Tout à fait. C’est une ancienne ferme basque de 700 m2que nous avons récupérée en ruine. Le toit s’était effondré en entraînant l’étage supérieur dans sa chute. Nous nous sommes instantanément dit : ne changeons rien. Nous avons donc gardé l’ouverture du toit intacte en créant une verrière de près de 30 m2.En hiver, le soleil chauffe directement les murs de pierre de 80 cm d’épaisseur et une pompe à chaleur air / eau chauffe le sol. L’inertie des murs non isolés à l’intérieur permet à la maison de respirer complètement, silencieusement, sans VMC. L’été, les épais murs de pierre garantissent une fraîcheur sans climatisation. Un autre exemple, la salle de bain extérieure, ceinte sur trois côtés, est coupée du vent et devient ainsi un « capteur de soleil » avec son propre microclimat. On peut y prendre des douches toute l’année.
Comment percevez-vous le futur de l’architecture ?
Je suis optimiste. Les choses commencent à bouger, à devenir plus durables. Le vivant et la nature doivent reprendre le pas sur la ville. Mais pour cela, il faut leur laisser de la place. C’est simplement une question de volonté. Mais ce ne sont pas les architectes qui créent le monde de demain. C’est chacun d’entre nous, ensemble, de manière responsable. Nous reprendrons ainsi le pouvoir. Il est grand temps.

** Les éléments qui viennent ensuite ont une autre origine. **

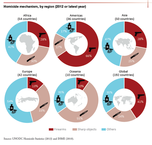 Latest Global Study on Homicide by @UNODC shows dominant use of firearms in the Americas: http://bit.ly/1qovtrl pic.twitter.com/jJdkbhkg3t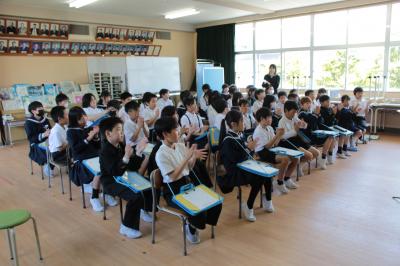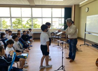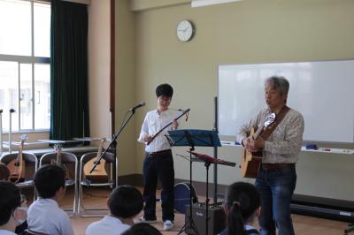 4年生は、総合的な学習の時間に福祉について学習します。5月10日(金)5・6限目には、講師に白山市在住の川崎正美さんと草汰さん親子をお招きして、障害と福祉について学びました。障害と向き合い、苦手や困難なことがあっても大好きな音楽を通して、よりよい社会とみんなの幸せを願って努力し活動するお二人。いきいきと演奏をしたり歌ったりする姿とその美しい音色や歌声に、自然と手拍子が起こり笑顔が溢れました。これからも、さらに福祉について理解を深めていきます。川崎さん、ありがとうございました。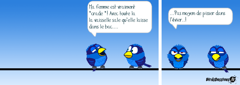 Case 1: Case 2:Bird 1: Ma femme est vraiment "crade "! Avec toute la la vaisselle sale qu’elle laisse dans le bac.... Case 3:Bird 1: ...Pas moyen de pisser dans l’évier..!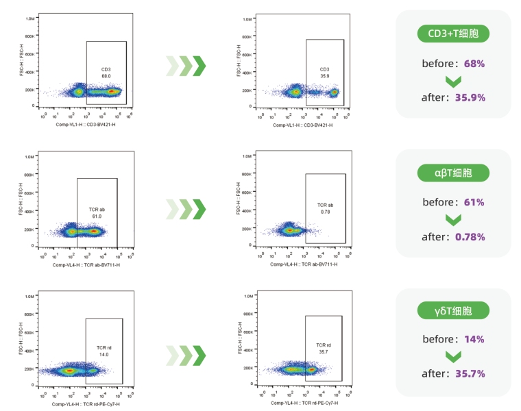 从全血中高效快速去除αβT细胞,通过密度梯度负选原理实现高纯度γδT细胞富集,为后续γδT细胞的高纯度扩增奠定基础。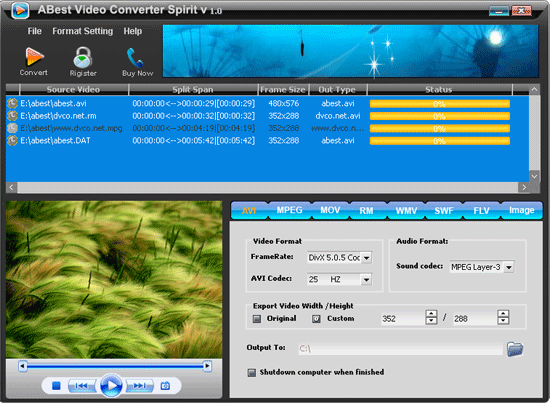 ABest Video Converter Spirit convert video from avi, mov, dat, mpeg, wmv, asf, rm, rmvb, vob, VCD, DVD to avi, mov, mpeg, wmv, rm, iPod, mp4, 3gp, flash swf, YouTube flv, mp3, wma, wav, AC3, gif animation.
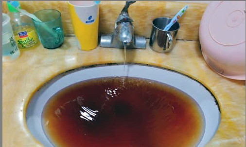 隨后,記者來到鮑先生家中,在衛(wèi)生間的洗臉池中,有一盆黑褐色像醬油一樣的水。“這還是中午接的水,放在這里沉淀了這么長時間,顏色都沒變。”鮑先生說,由于前天上夜班,他休息到昨天中午才起床。鮑先生本準(zhǔn)備洗漱做飯,一開水龍頭卻嚇了一跳,流出來的水又黃又渾濁,他只能用家里剩下的一點涼開水刷牙。“從發(fā)現(xiàn)自來水變色到現(xiàn)在幾個小時了,水還是臟的,也不知道是啥原因。”鮑先生當(dāng)著記者的面打開水龍頭,自來水水流很小,而且依然是黑褐色的。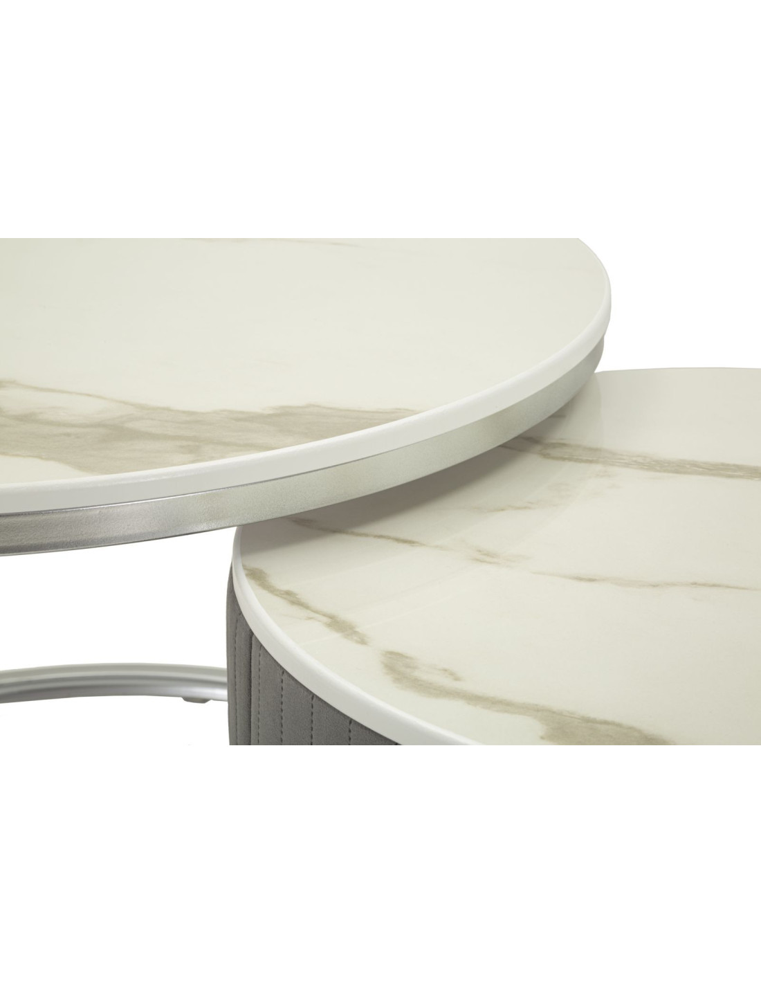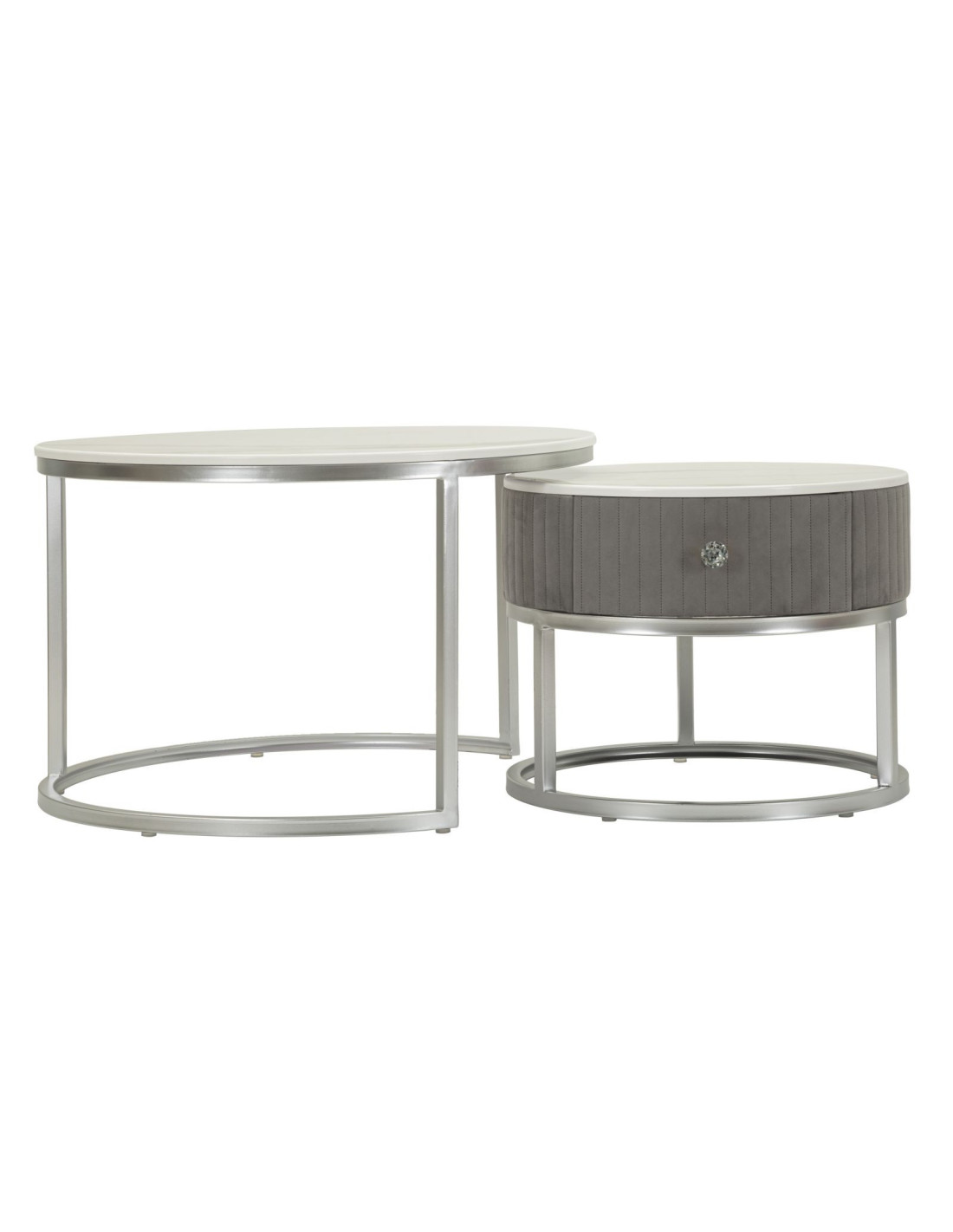 Table basse moderne gigogne Ronde 1 tiroir Bois de sapin Gris Bois MDF Blanc Effet marbre Métal Argenté Greys

En savoir plus : www.collectifencore.com
MINIBIO
Anna Chavepayre vit et travaille en France, dans le Béarn. Elle a fondé le collectif « Encore ». Passée par les agences de Rem Koolhaas et de Jean Nouvel, elle est aujourd’hui reconnue pour ses réalisations et positions avant-gardistes et respectueuses de l’environnement en matière d’architecture et d’aménagement du territoire. En 2018, Anna Chavepayre a reçu le prix Kasper Salin, la plus prestigieuse distinction décernée par l’Ordre des architectes suédois. Ce prix a récompensé son projet de maison Hamra qui, selon le jury, « invente des manières d’habiter et incarne un changement de direction ainsi qu’une nouvelle voie architecturale ». La polyvalence du collectif s’exprime à travers des réalisations qui vont d’un projet pilote d’habitat social paysan avec le Département, la réhabilitation d’une friche commerciale de 1 700 m2 en un tiers-lieu éco-responsable à Oloron Ste Marie, à un projet d’habitat social de 84 logements dans le nouvel éco-quartier de Brazza à Bordeaux.